Apparently, it’s time for another brief discussion about parenting.

This one’s not for all the incompetent dads and moms out there who already have kids, and who think it’s perfectly all right for their prepubescent miracle to while away his or her days virtually shooting, stealing and screwing, long before they have any perspective on anything. Those dads and moms are already doing damage, and what will be, will be. Of course, not all of those kids are gonna turn out to be murderous sociopaths, but that’s kind of beside the point — a kid becoming a rational, responsible adult despite the parents’ best attempts at ruination is the kid’s victory, not the parents’.

Nope, this one’s for everyone who is considering becoming a parent, and wondering if they’re up to the task. For them, I have one question:

Does your dog poop in the house?*

Everything you need to know about your potential as a parent is, seriously, in the answer to that question: If your dog shits in the house, you should not be having children.

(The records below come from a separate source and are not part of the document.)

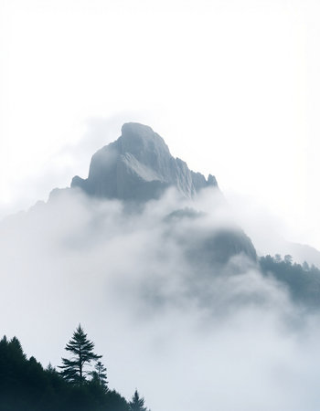 A stunning view of a mountain peak emerging from soft white clouds under a clear sky, depicting nature's serene beauty and the majesty of untouched landscapes.
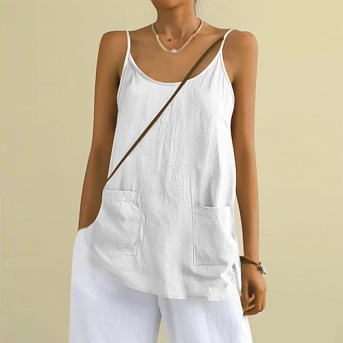 Per donna Canotta Semplice Moda Elegante Classico Senza Maniche Collo a U Top Regolari Quotidiano Weekend Blu Nero Bianco Rosa Beige Estate Primavera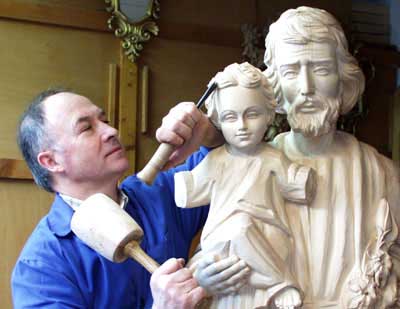 Todas las obras se hacen con maderas del país, como el tilo, el nogal, el roble o el pino, y son policromadas al óleo o se terminan con acabados naturales, teñidas con un tinte al agua y cera natural.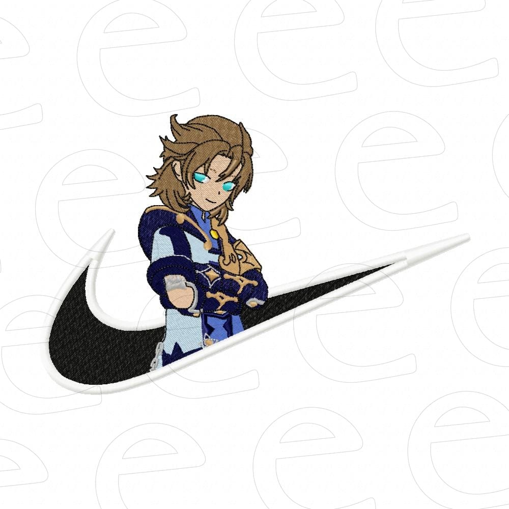 Add a striking touch to your apparel with the Albedo in swoosh machine embroidery design. This professionally digitized anime pattern ensures smooth stitching for high-quality results.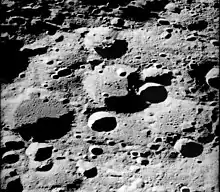 ![]() Oblique view of Bečvář from Apollo 17, facing north. Bečvář X is at top near center, Bečvář Q is below left of center, and Bečvář J is partially visible in lower right. | |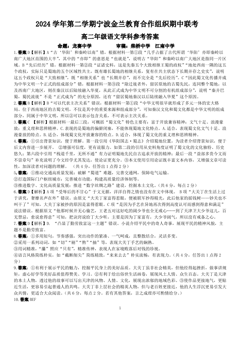 浙江省宁波市金兰教合组织2024-2025学年下学期4月高二期中联考语文答案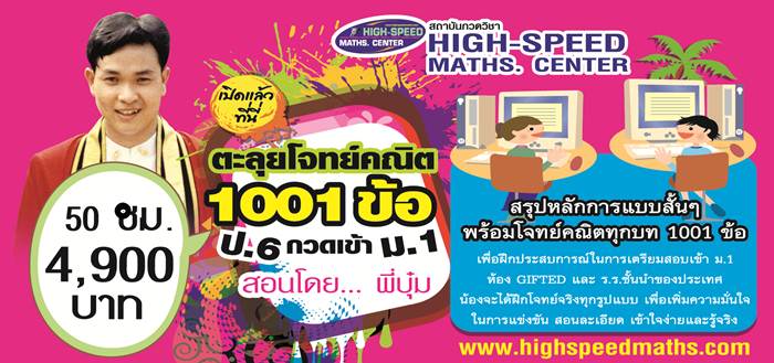 HIGH-SPEED MATHS.CENTER เปิดคอร์สตะลุยโจทย์ คณิตป.6 เข้า ม.1 จำนวน 1001 ข้อ โดยรวบรวมโจทย์จริงแข่งขันจาก โรงเรียนชั้นนำทั่วประทศในการสอบเข้า ม.1 ทั้งห้อง GIFTED และห้องธรรมดา เช่น โรงเรียนสวนกุหลาบ โรงเรียนสตรีวิทยา โรงเรียนบดินทรเดชา โรงเรียนหอวัง โรงเรียนหาดใหญ่วิทยาลัย และ โรงเรียนชั้นนำทั่วประเทศ กว่า 1001 ข้อ เพื่อให้น้องๆได้ฝึกโจทย์ คณิตศาสตร์ที่ใช้ในการสอบจริง เพื่อให้น้องๆเพิ่มความมั่นใจ ในการลงสนามสอบ อย่างมั่นใจ เพราะแนวข้อสอบไม่ว่าโรงเรียนไหนๆ ก็จะมีความคล้ายกันมากมาก โดยได้รวบรวมโจทย์ทุกรูปแบบ ทุกเรื่อง สอนอย่างเป็นระบบ ละเอียด รู้จริง สอนทุกข้อ ไม่ข้ามโจทย์ ด้วยชั่วโมงเรียนกว่า 50 ชั่วโมง ค่าเรียน 4900 บาท และที่สำคัญสอนโดยพี่บุ๋ม ผู้ที่มีประสบการณ์สอนคณิตศาสตร์ มากกว่า 20 ปี สอนสนุก เข้าใจง่าย รับรองว่าน้องจะพึงพอใจในคะแนนในส่วนนี้อย่างแน่นอน เพราะเราเอาข้อสอบ ตัวจริงมาวิเคราะห์ พี่บุ๋มยังเป็นวิทยากรรับเชิญจากโรงเรียนชั้นนำมากกว่า 200 โรงเรียนทั่วประเทศ และเป็นผู้สอนนักเรียนสอบได้ที่ 1 ประเทศไทย และโอลิมปิกปีล่าสุด และเป็นผู้ได้รับการ VOTE ให้ออกข้อสอบคณิตศาสตร์ ONET+PAT1 ปีล่าสุดผู้เข้าสอบมากกว่า 200,000 คนทั่วประเทศ จองด่วนก่อนเต็ม เรียนจากระบบ ON DEMAND เรียนซ้ำกี่รอบก็ได้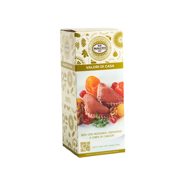 Cappello del prete insaccato monoporzione, una creazione mignon tipica di Maletti dell'antico cappello del prete modenese. Una rivisitazione unica ed elegante. L'impasto è il medesimo dello zampone, insaccato però in deliziosi triangoli di cotenna suina, cuciti a mo' di orlo. Sacchetti monoporzione.

We’re talking about a normal, healthy, ambulatory adult dog here; everybody’s puppy or dog drops a runny mess on the rug every once in a while, because of illness or the wrong food or whatever. But if your normal, healthy, ambulatory adult dog craps in your house on the regular, it’s because you didn’t or don’t have the time, patience, inclination or brains to teach an animal not to shit in the house.

And you think you can take care of a helpless little human being? Turn it into a helpful adult-sized human being? Teach it not only to not poop all over itself, but also to eat, to love, to empathize, to understand it shares the universe with countless others, each no more or less important than itself?

Come on.

Don’t kid yourself (ahem!), and don’t gift the world with the eventual burden of your inability to raise a person who can tell the difference between reality and, say, the world of Grand Theft Auto V.

Teach your dog not to shit in the house. Then we’ll talk.

*If you don’t have a dog, you shouldn’t even be thinking about having kids. Because everybody knows the only reason to have kids is to provide your dogs something with which to play.